# WHAT THIS TASK INVOLVES:
From the listing below, set down exactly the lines between the one holding "QR theo tài" and the one holding "Трикотаж 2-х сторонний", inclusive. No other line is wanted.

# DATASET:
- - -

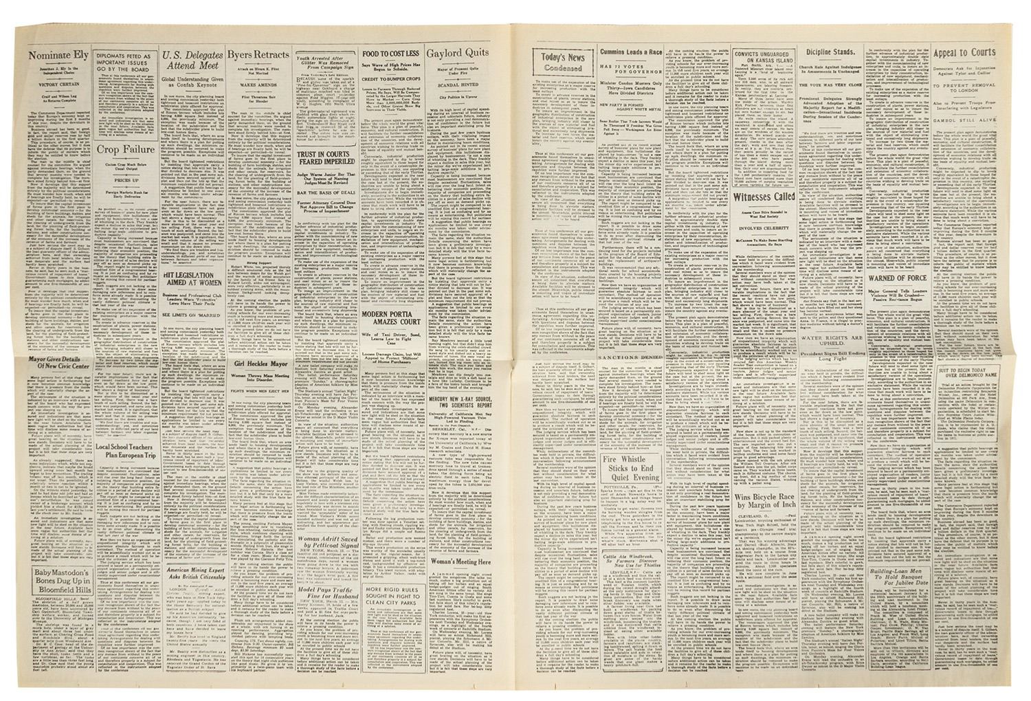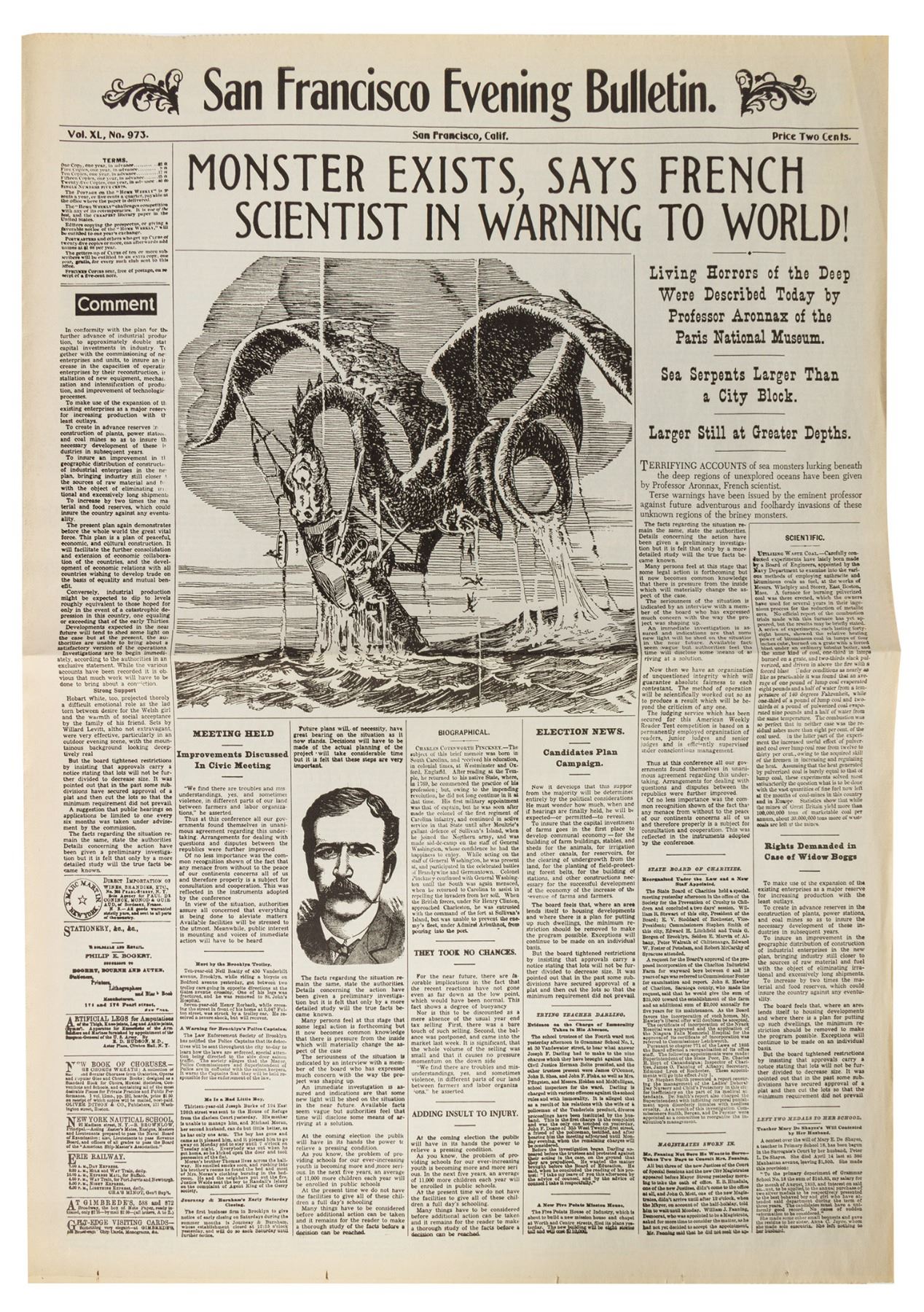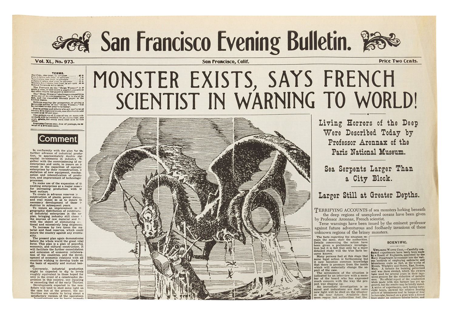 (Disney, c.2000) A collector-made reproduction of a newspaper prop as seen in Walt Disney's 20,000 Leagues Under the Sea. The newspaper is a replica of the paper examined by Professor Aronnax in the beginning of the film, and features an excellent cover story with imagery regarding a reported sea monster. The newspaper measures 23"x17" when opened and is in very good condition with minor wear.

- - -

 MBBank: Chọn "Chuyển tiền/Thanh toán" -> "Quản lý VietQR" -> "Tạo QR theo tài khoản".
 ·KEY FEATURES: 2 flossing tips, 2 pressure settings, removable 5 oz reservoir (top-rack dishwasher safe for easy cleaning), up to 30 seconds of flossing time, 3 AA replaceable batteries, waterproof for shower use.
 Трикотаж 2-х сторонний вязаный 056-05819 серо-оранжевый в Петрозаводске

- - -

# PROBLEM SOLUTION:
 MBBank: Chọn "Chuyển tiền/Thanh toán" -> "Quản lý VietQR" -> "Tạo QR theo tài khoản".
 ·KEY FEATURES: 2 flossing tips, 2 pressure settings, removable 5 oz reservoir (top-rack dishwasher safe for easy cleaning), up to 30 seconds of flossing time, 3 AA replaceable batteries, waterproof for shower use.
 Трикотаж 2-х сторонний вязаный 056-05819 серо-оранжевый в Петрозаводске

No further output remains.